In the previous post, I wrote about a simple question: what would make sense to build on a piece of land in the Dalmatian hinterland?
The more I think about it, the more the question changes. It is not only what could be built? It is what can be tested before building too much?
That distinction matters. Land makes it easy to dream in finished pictures: a venue, a ranch, a few stay units, a clean storage yard, a private event space. The expensive mistake is assuming the picture is the business. It is not. The business is the operating model behind it.
So I am trying to think about this like a product: start with constraints, estimate the economics, identify the riskiest assumption, and test that assumption before the capital spend gets too large.
The filter
For now, every idea has to pass five questions:
- Can it start small?
- Can demand be tested before major construction?
- Can it create recurring or repeatable revenue?
- Can it coexist with a long-term private estate or event venue?
- Can it be operated legally, safely, and without becoming constant chaos?

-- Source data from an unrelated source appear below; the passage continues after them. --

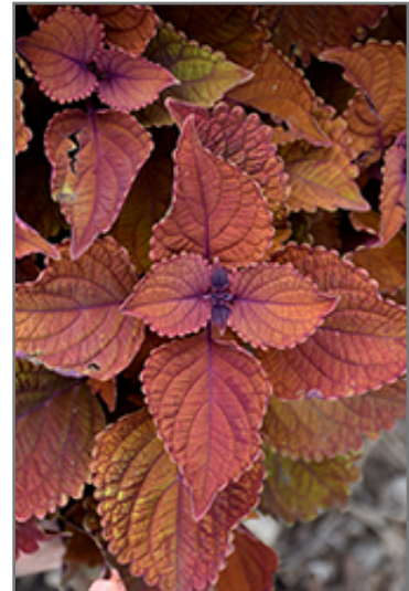
Wall Street Coleus foliage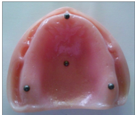
Figure 3: Chemically-activated acrylic resin master mold

With the aid of a coordinate-measuring machine (Brown and Sharpe), the reading of the acrylic resin master mold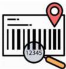
Tracking & Tracing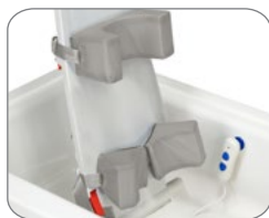
Head and Trunk Support Pads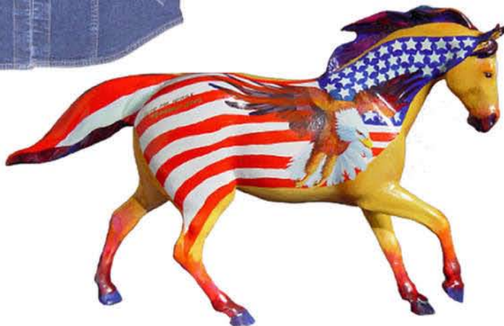
Give Me Wings

Show your Patriotic Pride and the Cowgirl in you when you wear this denim shirt that showcases the artwork "Give Me Wings," which was inspired by a poem written after the events of September 11th.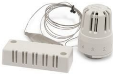
B1401 Liquid head with remote sensor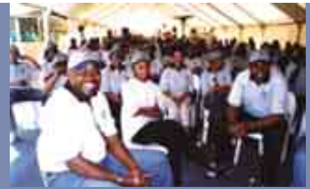
Staff members at the Gaborone Mompoti Celebration

The celebrations were not confined to Gaborone. All across the country, simultaneously, on August 7th staff celebrations took place. Venues were Maun, Selebi-Phikwe which catered for Francistown and Palapye as well and Gaborone which also catered for Lobatse. The atmosphere was informal and the guest speakers encouraged the staff to keep up their good work and thanked them for 10 years of selling and servicing MOMPATI.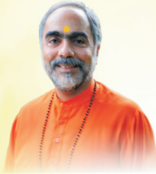
स्वामी स्वरूपानन्द सरस्वती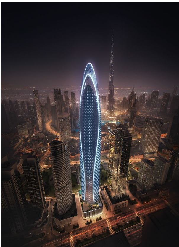
Mercedes-Benz Places by Binghatti in Downtown Dubai is set to captivate with its iconic design and visionary presence.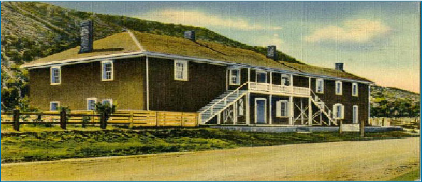
Carrizozo, New Mexico

Lincoln County is in central New Mexico among mountainous terrain and sprawling basins. The county was using outdated technology to manage their GIS data. The county looked to standardize their GIS on an Esri platform to ensure a more stable environment for their GIS information. Sidwell reviewed existing parcel maintenance workflows to determine optimal processes. Additionally, a data model needed to be designed to best fit the needs of the county. Sidwell recommended a path to modernize the county's GIS revolving around Esri's Local Government Information Model (LGIM) and the parcel fabric .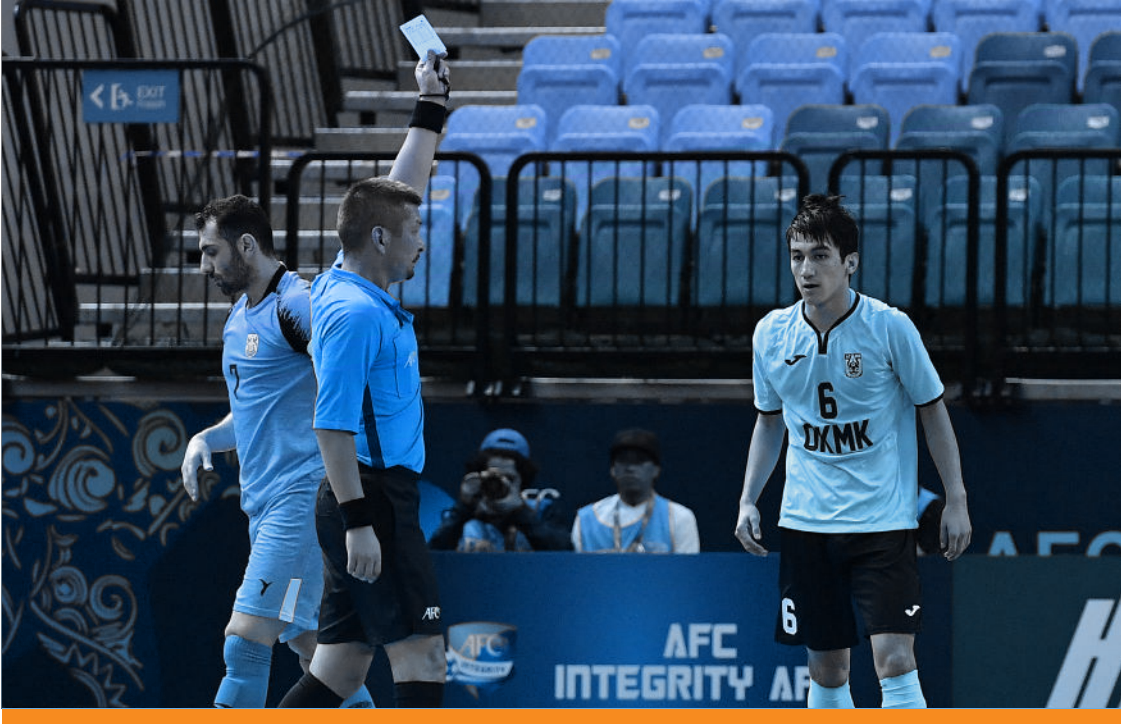
B. Sending-off Offences - Reasons to Show a Red Card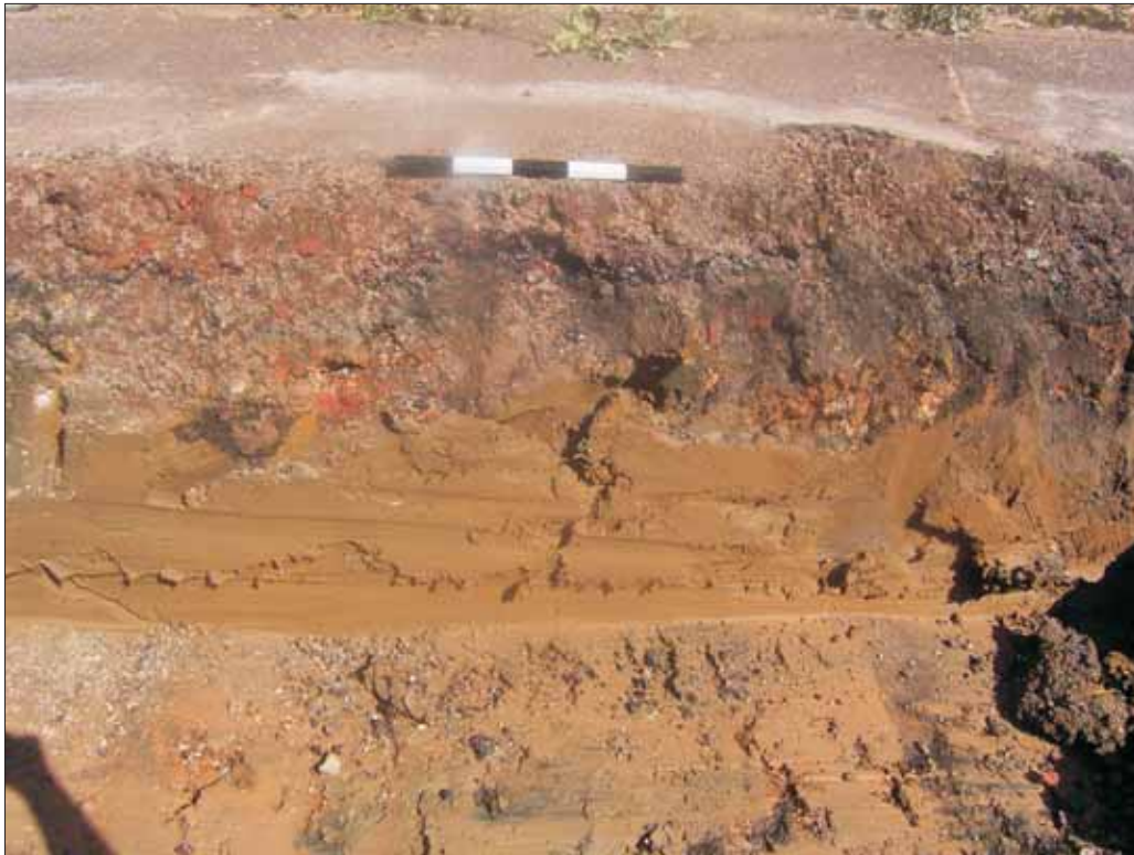
Plate 1: East facing section in Trench 1 (0.5m Scale)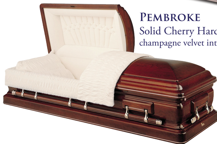
PEMBROKE Solid Cherry Hardwood champagne velvet interior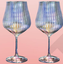
Transparent Rainbow 透明彩色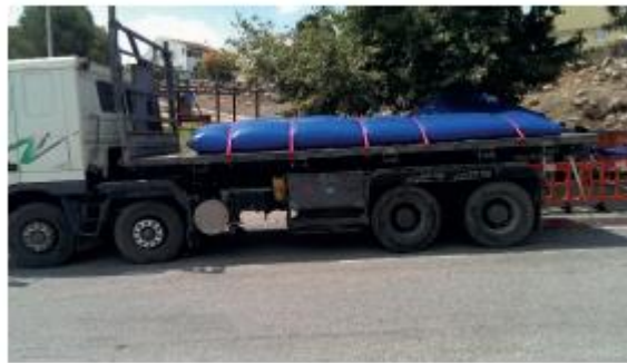
Fig. E.3 FLEXIBLE TANK STRAPPED ON A FLAT-BED TRUCK

The filling bag inside of a flexible tank is typically intended for single use and should be capable of uninterrupted ADWS provision for one month or more. At the end of a particular event, the bag is replaced by a new bag or drained and decommissioned for use in subsequent crises. Figure E.3 illustrates such a flexible tank, strapped to a flat-bed truck. A flexible tank's filling bag should be capable of easy replacement.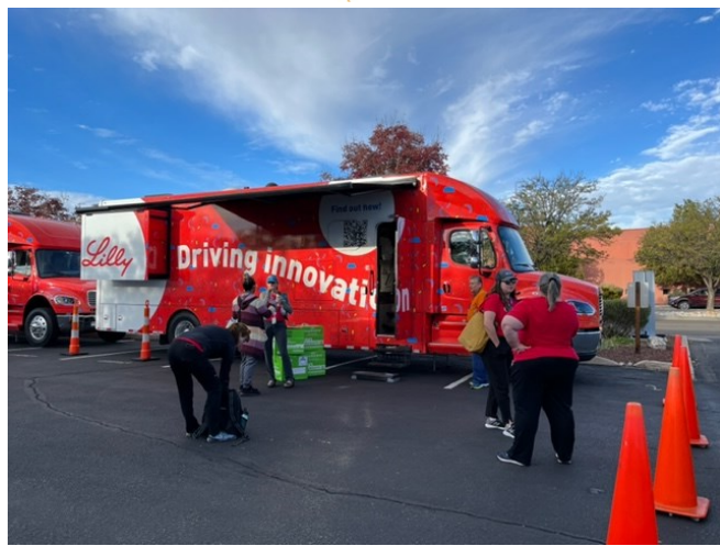
A Mobile Research Unit for Clinical Trial for Alzheimer’s Prevention parked in the COH parking lot on October 15. This was in conjunction with the Walk to End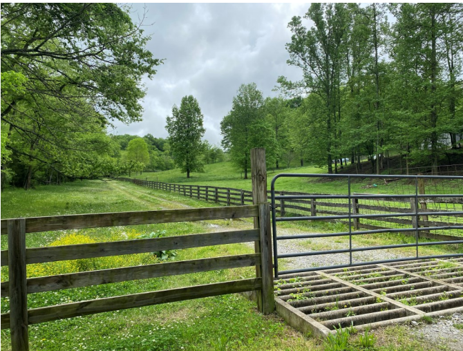
Cattle Gate Easement

Barn. The barn was damaged in a storm and is being brought back to original build standards.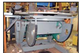
Ransome Mdl. 250P-A Welding Positioner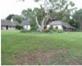
EMU BOTTOM SOHE 2008

The numbers below are rough planning ranges, not investment advice and not a final business plan. They exclude land cost, tax, financing, detailed permitting, VAT treatment, and final construction bids. The point is to compare shape, not pretend precision.
1. Secure storage and yard space
This is still the most practical low-capex idea.
The concept is a controlled, secure yard for campers, trailers, small boats on trailers, jet skis, seasonal equipment, or small-business gear. It is not glamorous, but it has one big advantage: monthly recurring revenue.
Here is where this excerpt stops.